Здесь речь Чезаре снова приобрела привычную конкретность, и гость решил, что последнее замечание основывается, по-видимому, на верных известиях, полученных хозяином из первых рук. Но это было не так: Больдрани мало доверял такого рода известиям, опираясь больше на свою интуицию и пророчества бессмертной Сибилии, к которой изредка и сейчас еще заходил.
— К войне подталкивают корпорации и бюрократия, — заметил юрист, переводя разговор на привычную тему.
— Конечно, — ответил Чезаре, — со всеми пороками первых и недостатками второй. — Прервав на минуту разговор, он отведал ризотто с видом знатока. Было в этом блюде сегодня что-то особенное, да и стол накрыт с необычной тщательностью. — С другой стороны, — продолжал он начатую тему, — мы не можем не иметь связей с Римом. Кредиты, товарообмен, коммерция — все движется, лишь толкая колеса государственной машины. И потому мы все ближе к войне. Гитлер идет на Прагу, наплевав на всех и на все, а мы тут вытягиваемся перед Муссолини, потому что он опирается на большинство.
Большие окна столовой светились солнцем, снаружи задувал легкий весенний ветерок, Мария поставила на стол красивые сервировочные тарелки севрского фарфора, обнаруженные ею на дальней полке в буфете — похоже, ими даже никто не пользовался.
— Я все-таки надеюсь, — возразил Пациенца, невольно, когда хозяин упомянул Муссолини, притронувшись рукой к своему трехцветному фашистскому значку, который он постоянно носил на лацкане пиджака. В который уже раз он позавидовал Чезаре, который мог позволить себе не носить этого почти обязательного для всех других знака.
— Конечно, — примирительно сказал Чезаре. — Но в то время, как немцы толкают нас в Африку, мы стараемся не терять из виду Европу и весь остальной мир. Здесь мы возвращаемся назад. Потому что политика Криспи, девиз которой «Триполи — любовь моя», давно свое отжила.
На большом блюде, которое она держала с непринужденностью опытной официантки, Мария подала им телячьи котлеты с картофельным пюре. Несколько минут мужчины ели молча, слышалось только звяканье вилок о фарфоровые тарелки. Отойдя в сторонку, она с удовлетворением обозрела результат своих трудов. Скатерть сияла исключительной белизной, на буфете в изысканной вазе стоял букет алых роз.
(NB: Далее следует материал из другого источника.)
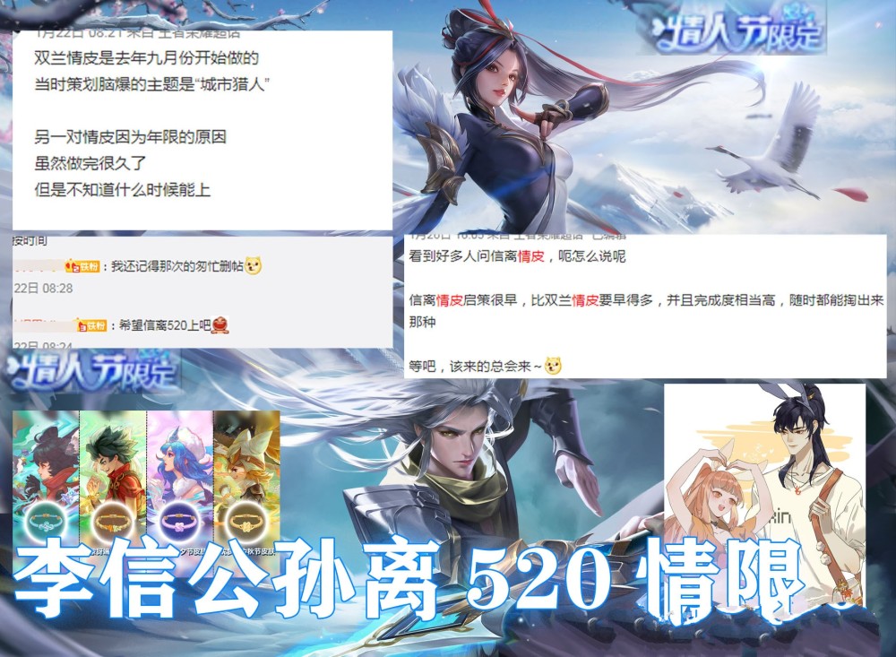 五五开黑节过后,另外一个重大的节日便是520情人节。这是一年中第2次情人节,不出意外的话,王者荣耀将会出一套情侣限定皮肤。最近在王者荣耀各大论坛中都在爆料,关于李信和公孙离的情人节限定皮肤。并且网上还有关于这套情侣皮肤的原画,可以看出关于这个爆料的消息还是比较真实的。

Жаль только, что занавеси и обивка уже несколько выцвели, старая люстра не гармонировала с обстановкой, а потолок кое-где потемнел.
Неспешно поглощая телячьи котлеты, Чезаре знал, что Пациенца первым не спросит, зачем он его пригласил. Его самый умный и верный сотрудник полностью оправдывал свое давнее прозвище — терпения и выдержки ему было не занимать. Но, прежде чем сообщить ему о своих планах, Чезаре сам хотел расспросить адвоката о кое-каких очень важных, хотя и личных делах.
— Так ты в самом деле решил жениться? — спросил он, отложив в сторону вилку и берясь за салфетку.
Мария сразу насторожилась — наконец-то они заговорили о понятных ей вещах.
— Я, кажется, уже говорил тебе, — ответил адвокат, сдержанно улыбнувшись.
— Если я скажу, что ты совершаешь ошибку, ты ведь все равно меня не послушаешь, — проговорил Чезаре ворчливо.
— Пожалуй, — согласился Пациенца с обезоруживающей улыбкой.
— И все-таки я тебе это говорю. — Больдрани потянулся за бутылкой и снова налил ему и себе вина.
— Все дело в том, что тебе трудно меня понять, — сказал адвокат, который был на редкость невзрачным мужчиной и знал это. — Ты имел всех женщин, которых хотел. Тебе достаточно сделать знак, чтобы любая стала твоей. Если бы каждая женщина, на которую я взгляну, бросалась мне в объятия, я бы, наверное, тоже рассуждал, как и ты. Возможно, я бы в таком случае женился на первой, которая говорит, что любит меня до безумия.